Antoni Gañez-Zapater  1 Savvas Kourtis  1 Camilla Reiter Elbæk  1 Lorena Espinar  1 Carolina Toro-Márquez  1 Albert Coll-Manzano  1 Alfredo Smiriglia  2 Laura García-López  1 Laura Wiegand  1  3 Maria Guirola  1 Frédéric Fontaine  4 Andrea Morandi  2 André C Müller  4 Sara Sdelci  1  5
Affiliations
  • 1. Centre For Genomic Regulation (CRG), The Barcelona Institute of Science and Technology, Barcelona, Spain.
  • 2. Department of Experimental and Clinical Biomedical Sciences, University of Florence, Florence, Italy.
  • 3. (Now) Charité - Universitätsmedizin Berlin, Corporate Member of Freie Universität Berlin and Humboldt-Universität zu Berlin, and Berlin Institute of Health, Department of Hematology, Oncology, and Cancer Immunology, Berlin, Germany.
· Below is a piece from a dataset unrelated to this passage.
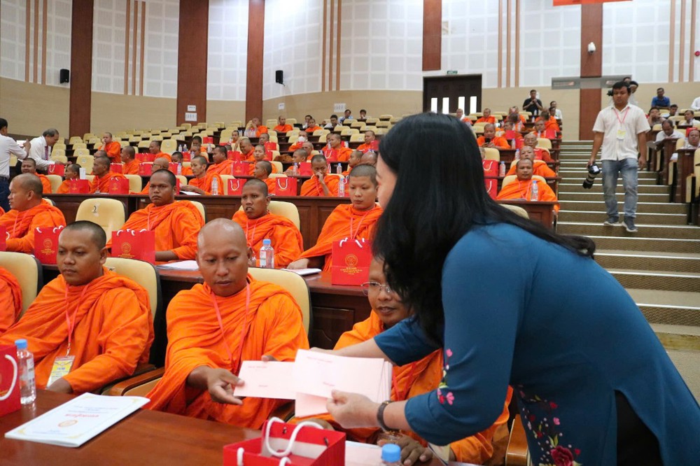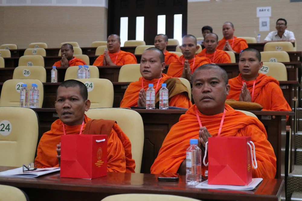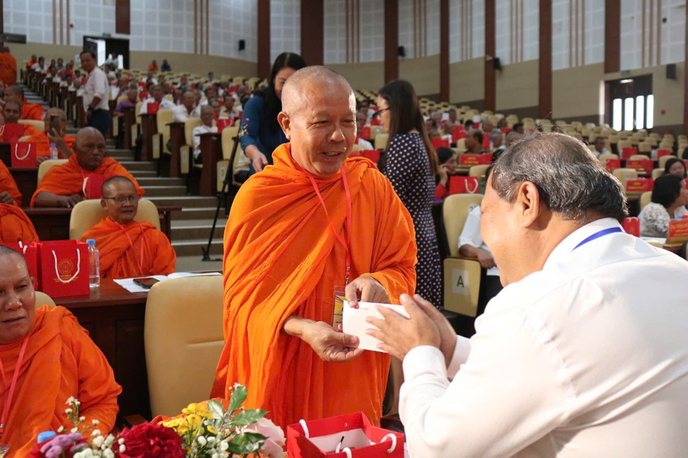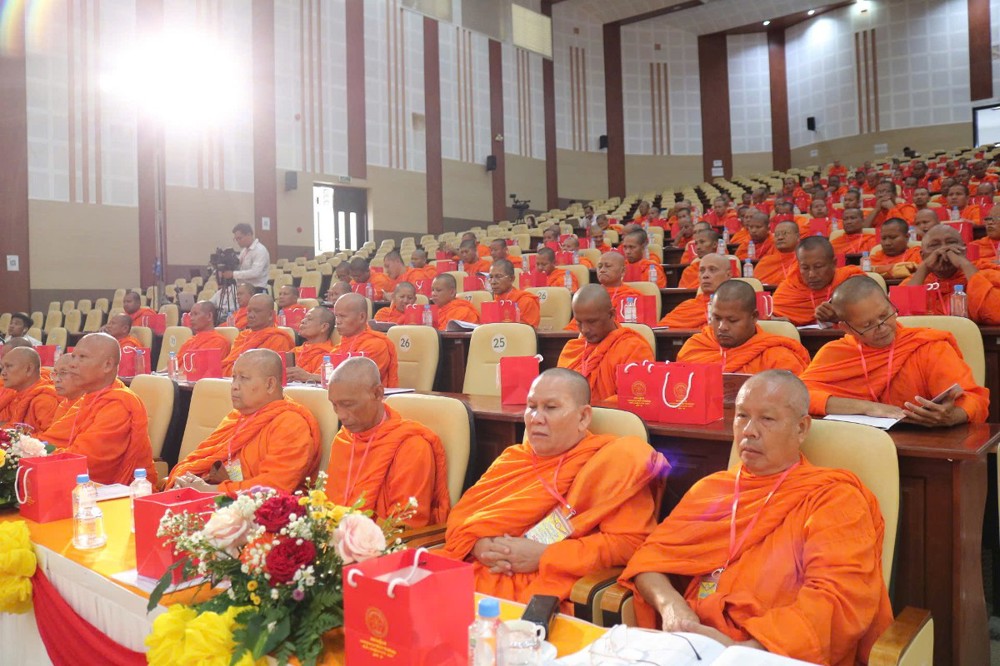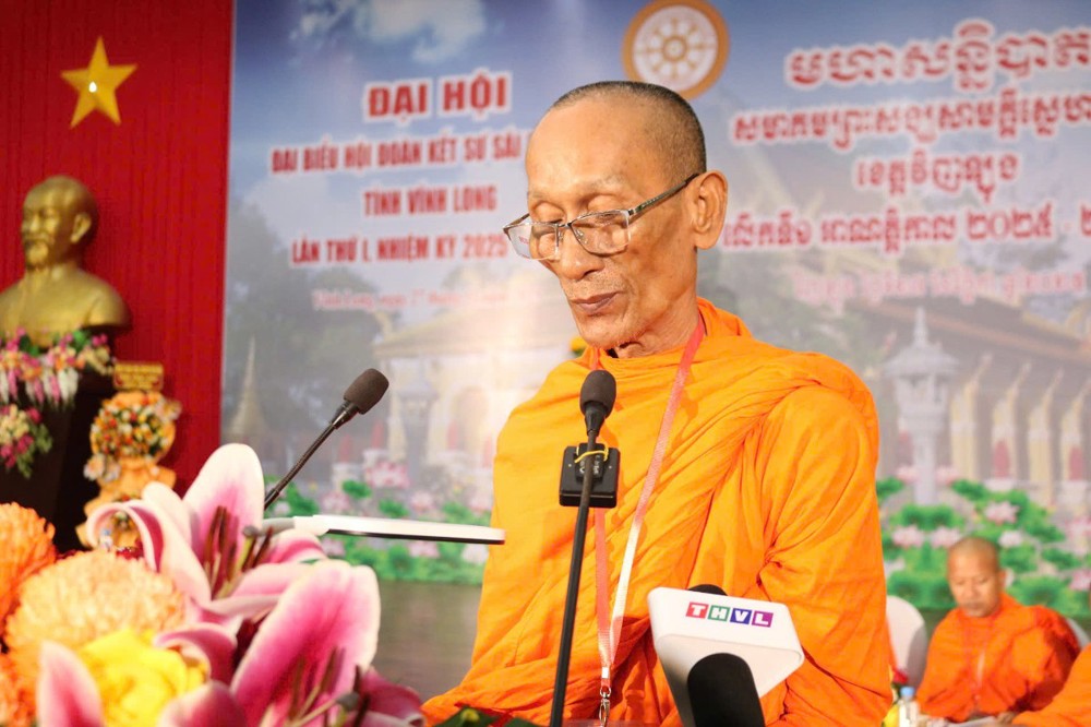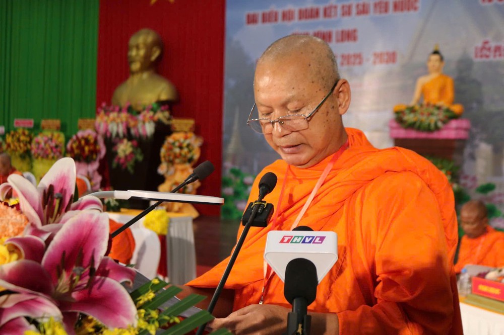 Tiếp đến, TT.Sơn Ngọc Huynh - Phó Chủ tịch Thường trực Hội ĐKSSYN tỉnh báo cáo tổng kết công tác hoạt động năm 2023-2025. Về tu học - hành đạo, sau sáp nhập toàn tỉnh có 156 chùa Phật giáo Nam tông Khmer, với tổng số chư Tăng là 3.414 vị đang tu học. Trong đó, có 22 vị Hòa thượng; 72 vị Thượng tọa; 1.682 vị Tỳ kheo; 1.638 vị Sa di; 154 vị Trụ trì; 156 vị Phó Trụ trì; 283 vị Achar và 4.765 Thành viên Ban quản trị. Trong nhiệm kỳ 2023-2025, Hội đã thực hiện công tác TTXH như: Chăm sóc sức khỏe cho người nghèo, nuôi dưỡng người gìa neo đơn, giúp gia đình đang gặp khó khăn, ủng hộ lớp học tình thương, quỹ khuyến học, khuyến tài, phát quà cho người nghèo, xây dựng cây cầu, đường nông thôn, ủng hộ quỹ vì người nghèo,... với tổng kinh phí trên 139 tỷ đồng.

  • 4. CeMM Research Center for Molecular Medicine of the Austrian Academy of Sciences, Vienna, Austria.
  • 5. Universitat Pompeu Fabra (UPF), Barcelona, Spain.
Abstract

Progression through the cell cycle requires coordinated regulation of transcription, chromatin state, and cellular metabolism. While metabolic Enzymes are known to localize the nucleus and influence chromatin states, how nuclear metabolism itself oscillates during the cell cycle remains unexplored. Here, we combine a customized FUCCI-3 reporter with chromatome mass spectrometry and high-throughput imaging to systematically resolve nuclear and chromatin-associated metabolic changes across cell cycle phases. We identify phosphatidylinositol metabolism as a nuclear pathway that oscillates with the cell cycle, with PIP5K1A, PLCD3, and PLD2 showing phase-specific nuclear and chromatin dynamics. Nuclear PIP2 levels redistribute within the nucleus depending on cell cycle stage. Downregulation of PIP5K1A reduces nuclear PIP2 levels, whereas nuclear enrichment of PIP5K1A increases PIP2 abundance in the nucleus and nucleolus, functionally linking PIP5K1A nuclear localization to nuclear PIP2 synthesis. Moreover, perturbation of nuclear PIP2 synthesis alters chromatin methylation, with a pronounced impact on H4K20 monomethylation. Together, our results reveal that nuclear phosphatidylinositol metabolism is cell cycle regulated and functionally linked to chromatin methylation, establishing nuclear lipid metabolism as a previously unrecognized layer of cell cycle control.

Keywords
cell cycle; chromatin; epigenetics; nuclear metabolism; proteomics.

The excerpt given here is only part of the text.